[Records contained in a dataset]
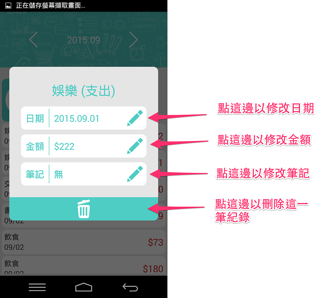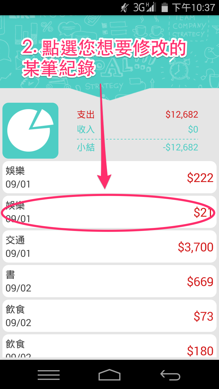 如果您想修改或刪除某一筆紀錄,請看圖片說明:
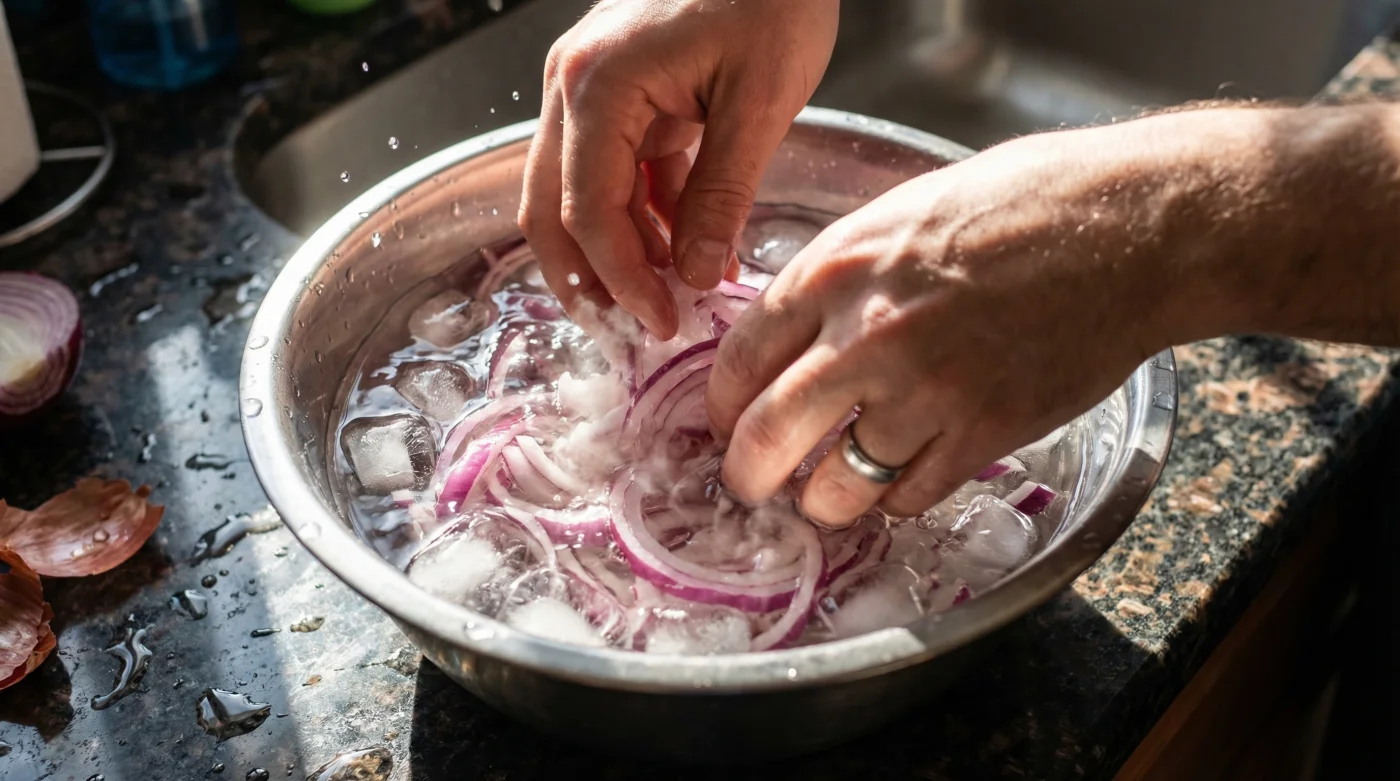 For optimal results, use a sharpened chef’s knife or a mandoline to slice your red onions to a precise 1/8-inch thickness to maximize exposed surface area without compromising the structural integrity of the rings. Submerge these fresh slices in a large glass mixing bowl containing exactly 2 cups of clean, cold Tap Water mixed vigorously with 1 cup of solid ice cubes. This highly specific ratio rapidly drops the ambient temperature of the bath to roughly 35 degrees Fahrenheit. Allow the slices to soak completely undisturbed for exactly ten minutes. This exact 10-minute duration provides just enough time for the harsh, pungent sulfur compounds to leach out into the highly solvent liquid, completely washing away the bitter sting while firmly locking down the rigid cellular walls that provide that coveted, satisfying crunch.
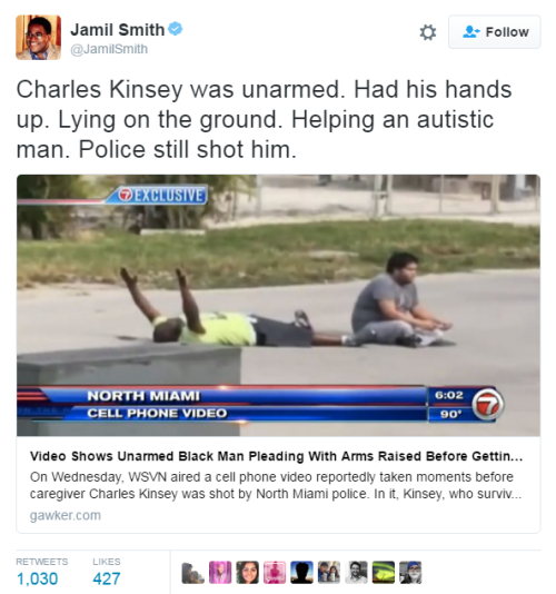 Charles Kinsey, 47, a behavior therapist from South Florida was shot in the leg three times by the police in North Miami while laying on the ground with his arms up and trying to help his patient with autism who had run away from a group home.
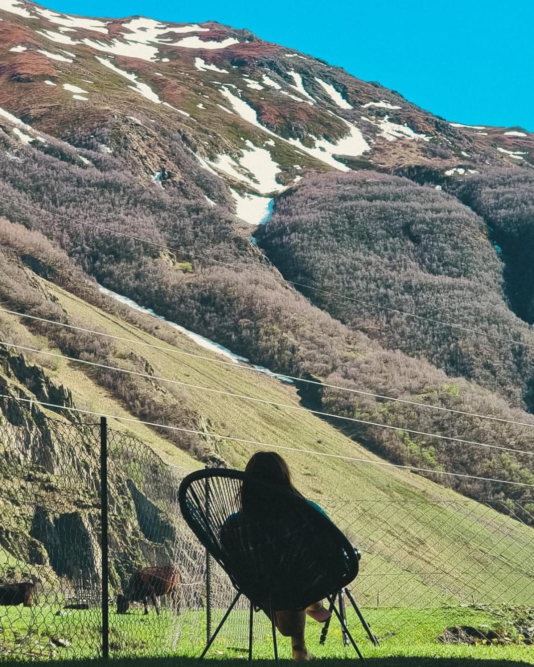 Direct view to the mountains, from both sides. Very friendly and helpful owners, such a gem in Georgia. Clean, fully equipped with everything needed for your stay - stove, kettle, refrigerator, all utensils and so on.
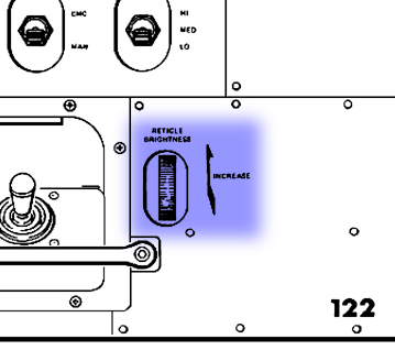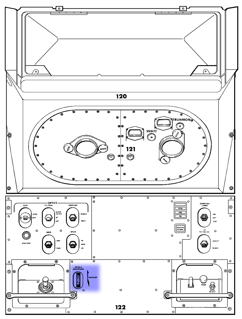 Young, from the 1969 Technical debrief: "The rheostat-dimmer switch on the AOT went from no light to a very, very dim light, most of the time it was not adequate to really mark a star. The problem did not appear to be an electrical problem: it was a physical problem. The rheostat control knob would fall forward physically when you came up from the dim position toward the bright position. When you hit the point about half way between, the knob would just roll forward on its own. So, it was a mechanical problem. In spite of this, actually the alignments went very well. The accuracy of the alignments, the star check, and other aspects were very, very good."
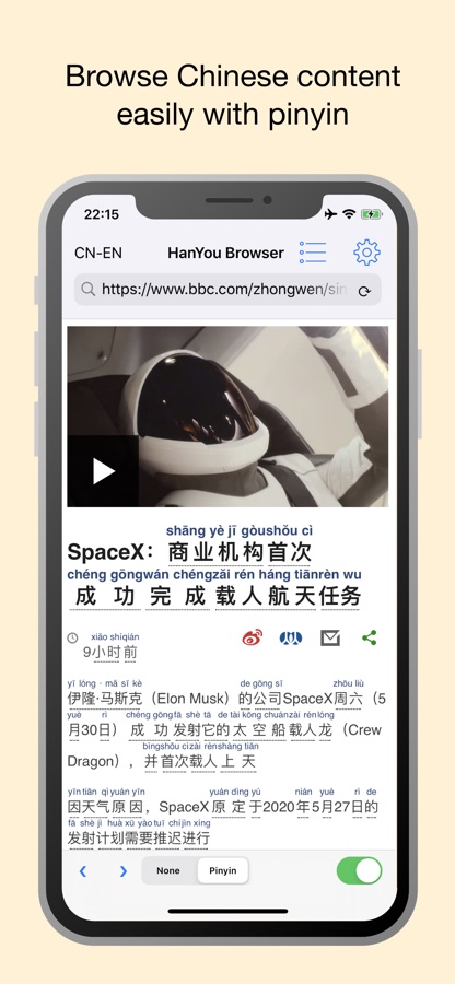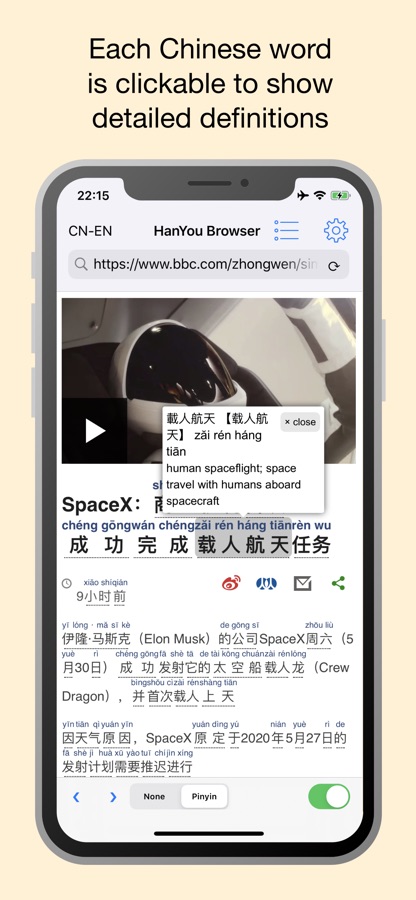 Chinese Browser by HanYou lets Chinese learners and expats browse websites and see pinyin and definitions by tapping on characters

> _DIRECTIONS FOR THIS TASK_: An exact copy of the entries above is required, with the pictures left out.

> _ANSWER AREA_:
 如果您想修改或刪除某一筆紀錄,請看圖片說明:
 For optimal results, use a sharpened chef’s knife or a mandoline to slice your red onions to a precise 1/8-inch thickness to maximize exposed surface area without compromising the structural integrity of the rings. Submerge these fresh slices in a large glass mixing bowl containing exactly 2 cups of clean, cold Tap Water mixed vigorously with 1 cup of solid ice cubes. This highly specific ratio rapidly drops the ambient temperature of the bath to roughly 35 degrees Fahrenheit. Allow the slices to soak completely undisturbed for exactly ten minutes. This exact 10-minute duration provides just enough time for the harsh, pungent sulfur compounds to leach out into the highly solvent liquid, completely washing away the bitter sting while firmly locking down the rigid cellular walls that provide that coveted, satisfying crunch.
 Charles Kinsey, 47, a behavior therapist from South Florida was shot in the leg three times by the police in North Miami while laying on the ground with his arms up and trying to help his patient with autism who had run away from a group home.
 Direct view to the mountains, from both sides. Very friendly and helpful owners, such a gem in Georgia. Clean, fully equipped with everything needed for your stay - stove, kettle, refrigerator, all utensils and so on.
 Young, from the 1969 Technical debrief: "The rheostat-dimmer switch on the AOT went from no light to a very, very dim light, most of the time it was not adequate to really mark a star. The problem did not appear to be an electrical problem: it was a physical problem. The rheostat control knob would fall forward physically when you came up from the dim position toward the bright position. When you hit the point about half way between, the knob would just roll forward on its own. So, it was a mechanical problem. In spite of this, actually the alignments went very well. The accuracy of the alignments, the star check, and other aspects were very, very good."
 Chinese Browser by HanYou lets Chinese learners and expats browse websites and see pinyin and definitions by tapping on characters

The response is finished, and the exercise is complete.